フェドチェンコ氷河
From Wikipedia, the free encyclopedia
フェドチェンコ氷河(タジク語: Пиряхи Федченко、ロシア語: Ледник Федченко)は、タジキスタンのゴルノ・バダフシャン自治州にある氷河。パミール高原に存在する。名称はアレクセイ・パブロビッチ・フェドチェンコにちなんでいる[1]。

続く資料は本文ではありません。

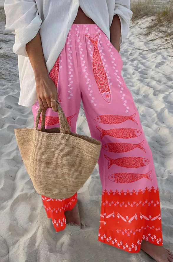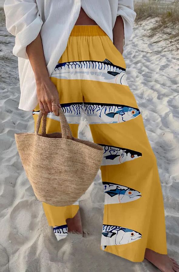 Casual Relaxed-fit Athletic Wide-leg Pants With A Fish-scale Pattern
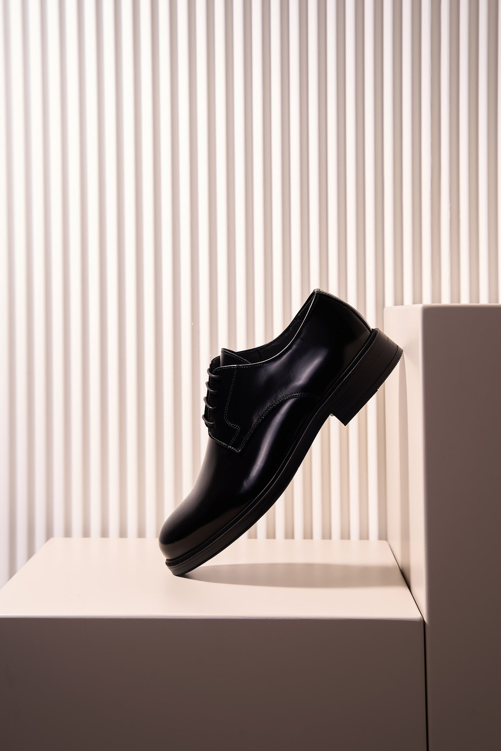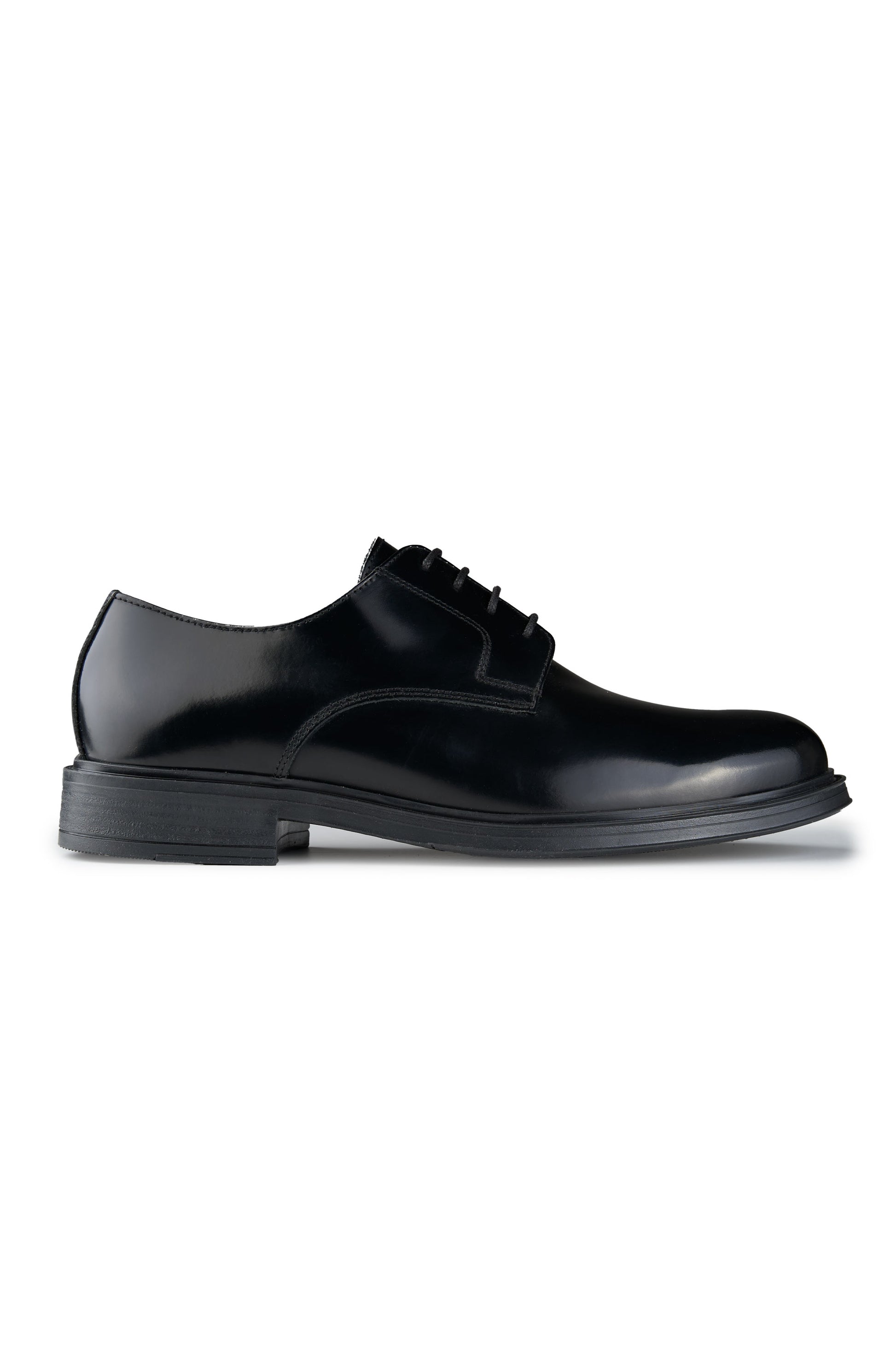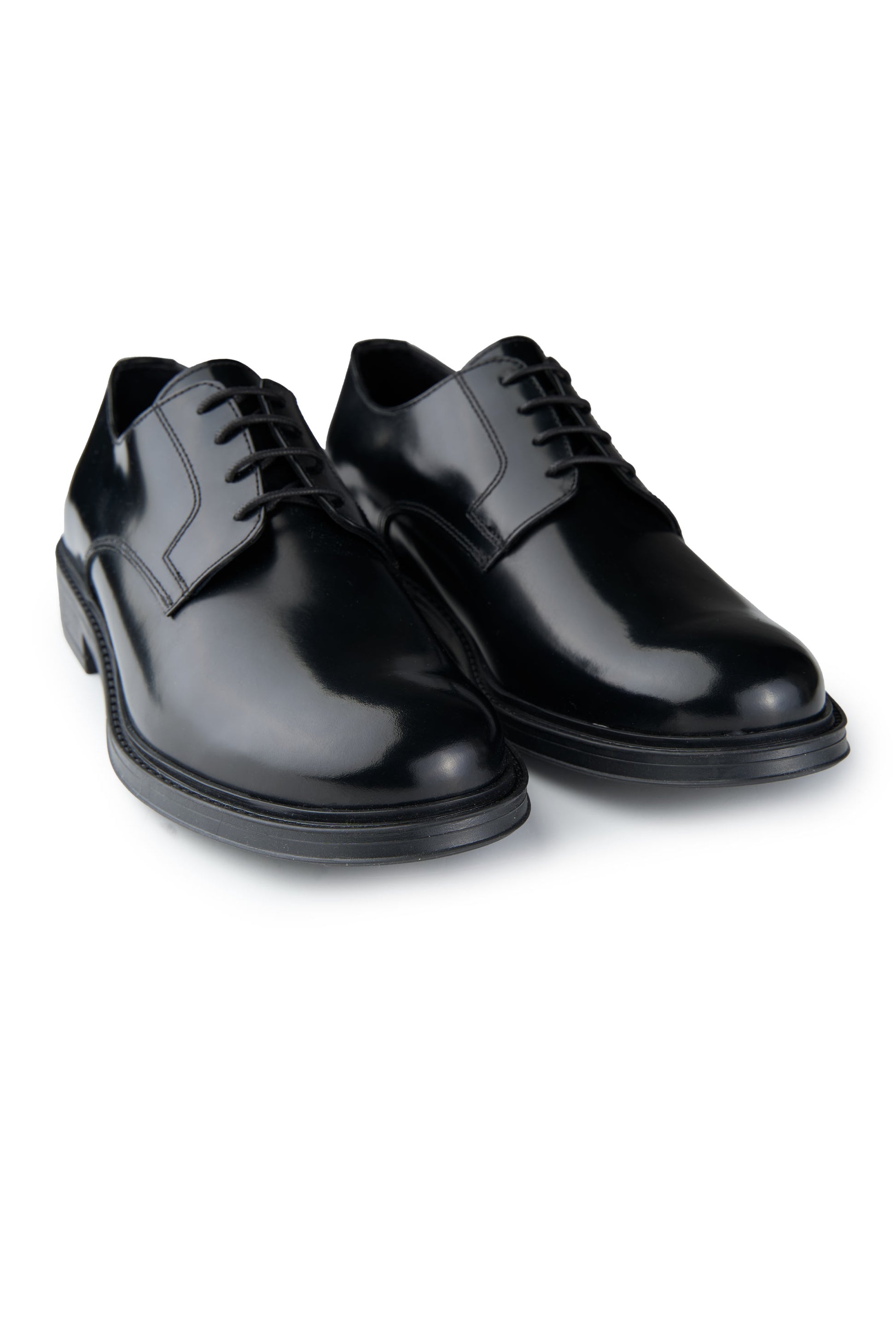 Formal derby shoes crafted from premium polished black leather, featuring a timeless and refined silhouette. Meticulously handmade with exceptional attention to detail, these shoes boast a classic lace-up closure, durable stitched rubber soles, and a sturdy, long-lasting construction.

北緯38度46分01秒、東経72度16分58秒に位置する。この氷河は、細く長く続いている氷河として知られていて、2005年現在約70kmの長さを持っていて、約900km2の範囲を覆っている。この70kmという長さは、地球の極圏以外の地域に存在する氷河としては最長である [2] 。 この氷河は、標高6200m付近から流れ出していて、そこから概ね北の方向へと流れ降り、だいたい標高3000m付近で完全に融解してしまう。なお、この氷河の中流域における氷の流速は、2005年現在、おおよそ1日に67cmであった [2] 。 ただし、近年の地球温暖化の影響によって、この氷河は後退(縮小)傾向にあり、流速なども変わっている(氷河が融解し始めると流速が速くなったりする)可能性がある。ちなみに、この氷河の融解水は、幾つかの小河川を経てバフシュ川に入り、その後アムダリヤ川へと流れ込んでいる。かつては、この氷河の融解水もアムダリア川が流れ込んでいたアラル海へと流れ込んでいたものの、近年アムダリア川の河口付近は事実上干上がっており、アラル海へは融解水が届かなくなってきている。